%%

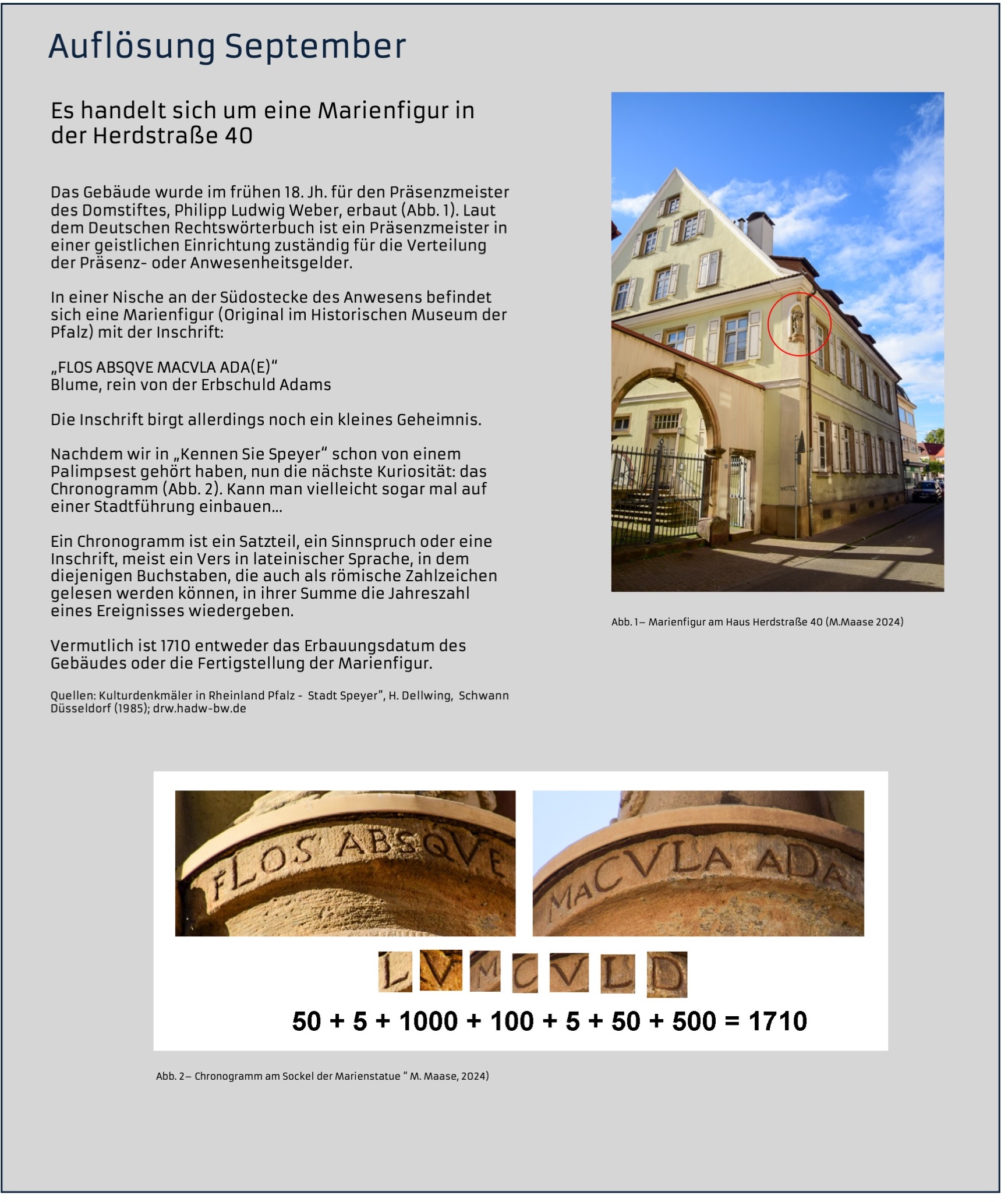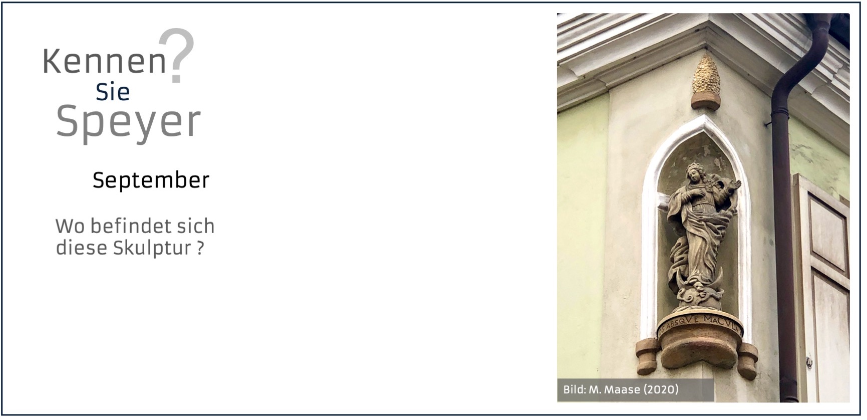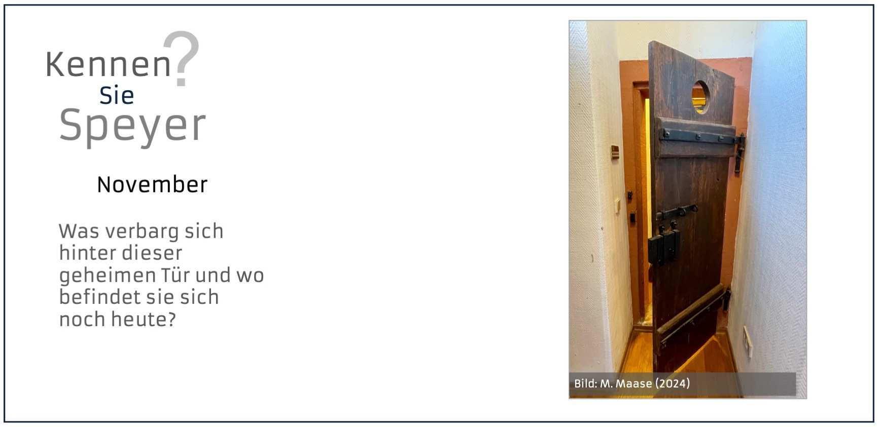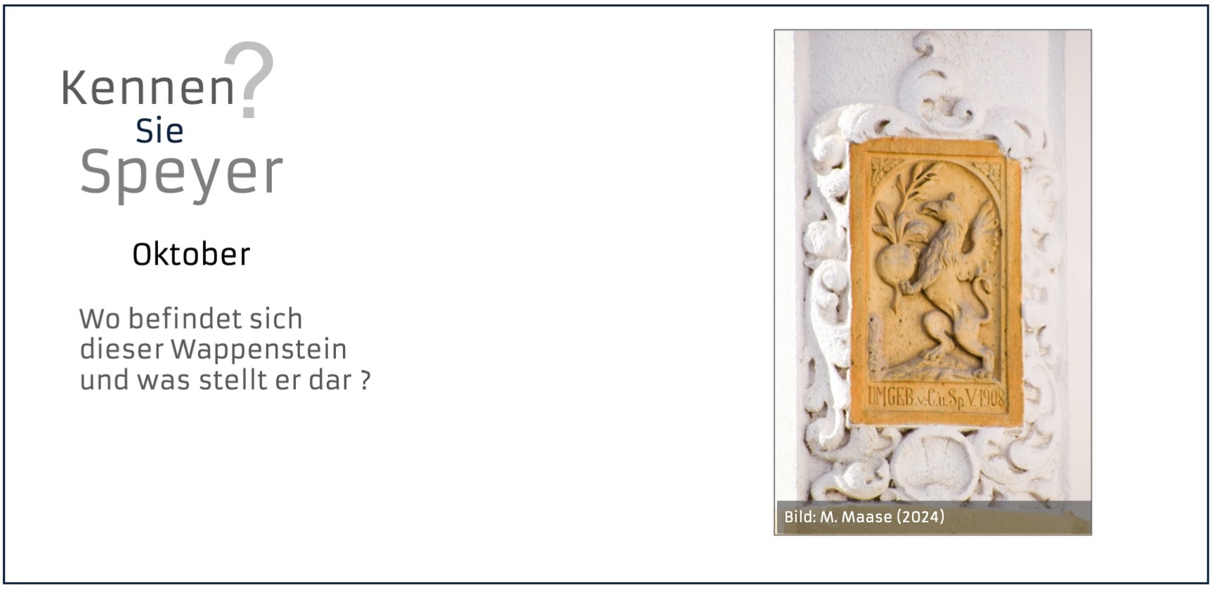 Klar: Dom, Judenhof, Altpörtel....Aber Speyer hält auch viele kleine, verborgene Schätzchen bereit: Details und Sehenswürdigkeiten abseits der klassischen Pfade. Für ein Jahr poste ich einmal im Monat hier ein Bild und frage „Kennen Sie Speyer?“. Was sieht man auf dem Bild, wo in Speyer befindet es sich und was ist die Geschichte dahinter?
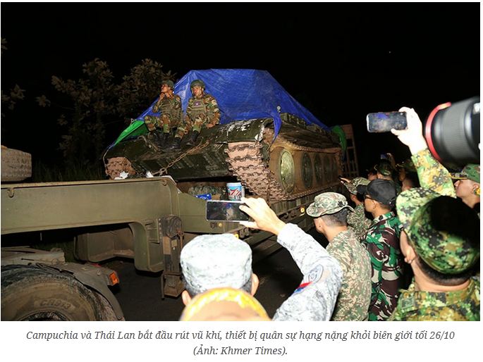 Dưới sự giám sát của Nhóm Quan sát viên ASEAN, tối 26/10, Campuchia và Thái Lan bắt đầu rút các loại vũ khí và trang thiết bị quân sự hạng nặng khỏi khu vực biên giới, đưa chúng trở lại các căn cứ quân sự thường trực của mỗi nước.
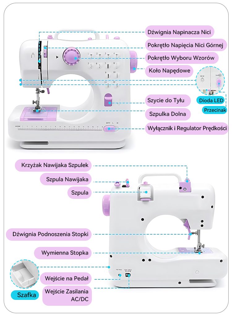 Podstawowe funkcje: Umożliwiają łatwe wykonanie owerlokowania, szycia dziurek i prostego szycia.

%%

= AIM OF THE EXERCISE =
Reproduce the listing exactly, minus its pictures.

= YOUR SOLUTION =
 Klar: Dom, Judenhof, Altpörtel....Aber Speyer hält auch viele kleine, verborgene Schätzchen bereit: Details und Sehenswürdigkeiten abseits der klassischen Pfade. Für ein Jahr poste ich einmal im Monat hier ein Bild und frage „Kennen Sie Speyer?“. Was sieht man auf dem Bild, wo in Speyer befindet es sich und was ist die Geschichte dahinter?
 Dưới sự giám sát của Nhóm Quan sát viên ASEAN, tối 26/10, Campuchia và Thái Lan bắt đầu rút các loại vũ khí và trang thiết bị quân sự hạng nặng khỏi khu vực biên giới, đưa chúng trở lại các căn cứ quân sự thường trực của mỗi nước.
 Podstawowe funkcje: Umożliwiają łatwe wykonanie owerlokowania, szycia dziurek i prostego szycia.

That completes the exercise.